Israeli PM’s son pleads guilty to perjury

TEL AVIV (AFP) — Israeli Prime Minister Ariel Sharon’s son Omri pleaded guilty Tuesday to charges of providing false testimony and falsifying documents at the opening of his trial before a Tel Aviv court.
The trial follows a police investigation into allegations of illegal financing of Sharon’s successful 1999 campaign for the leadership of his right-wing Likud Party.

Although the sentence has yet to be decided, Omri’s guilty plea will automatically mean that he has to step down as a Likud MP.

Israeli public radio’s legal affairs commentator Mosheh Negbi said the false testimony charge carried a prison sentence of up to seven years and the forgery charge up to five.

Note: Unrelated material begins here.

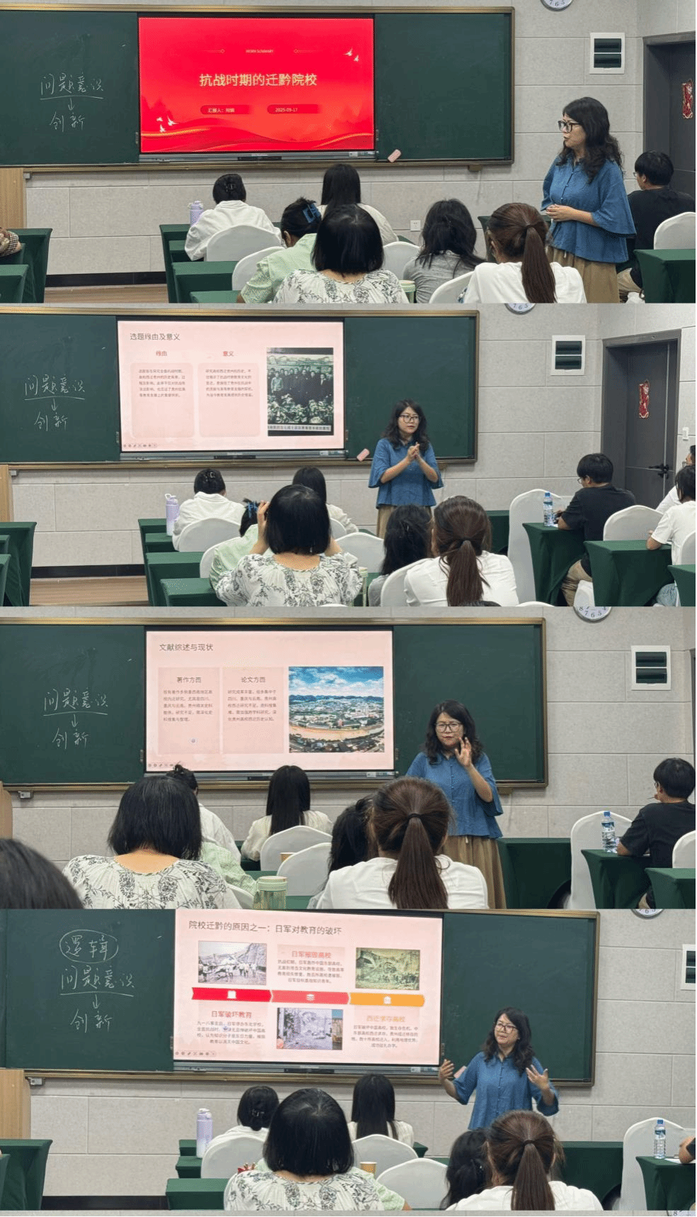 2025年9月17日,美加墨世界杯官方网站马克思主义学院于学科楼604教室开展了红色引领·思政育人系列讲座暨纪念抗日战争胜利系列讲座第五讲——抗战时期的迁黔院校。本次讲座特邀阳娟老师担任主讲,以“抗战时期的迁黔院校”为题开展主题学习教育,马克思主义学院全体硕士研究生参加。

Attorney General Menachem Mazuz decided to press charges against Omri in July but had to wait until a bill was passed limiting MPs’ immunity against prosecution before the court formally indicted him in late August.

The prime minister himself was questioned by police but has always insisted he had no knowledge of the financing of his campaign, saying it was run exclusively by his son who is one of his closest advisors.

Key Sharon aide Dov Weisglass escaped indictment over the affair for “want of evidence.”

Prosecutors have said that a company controlled by Omri, named Annex Research, took contributions from companies in Israel and abroad worth some $1.3 million, which were all illegally ploughed into his father’s campaign.

Evidence taken from taped phone conversations and documents in 41-year-old Omri’s handwriting form part of the evidence against him, with prosecutors arguing he disguised the true purpose of Annex and effectively “laundered” the incoming funds.

Last year, the prime minister was cleared of involvement in a corruption probe into a property scandal known as the Greek island affair, in which he was suspected of accepting a bribe via his other son Gilad when he was foreign minister in the late 1990s.

Sharon’s government has been rocked by a number of corruption scandals since his 2003 election victory.

Public Security Minister Tzahi Hanegbi was forced to quit his post, but not the Cabinet, as police probed allegations that he appointed dozens of political allies to posts when he previously served as environment minister.

Infrastructure Minister Yusef Paritsky was also sacked after he was exposed for trying to incriminate a party colleague in the run-up to primary elections within his centrist faction.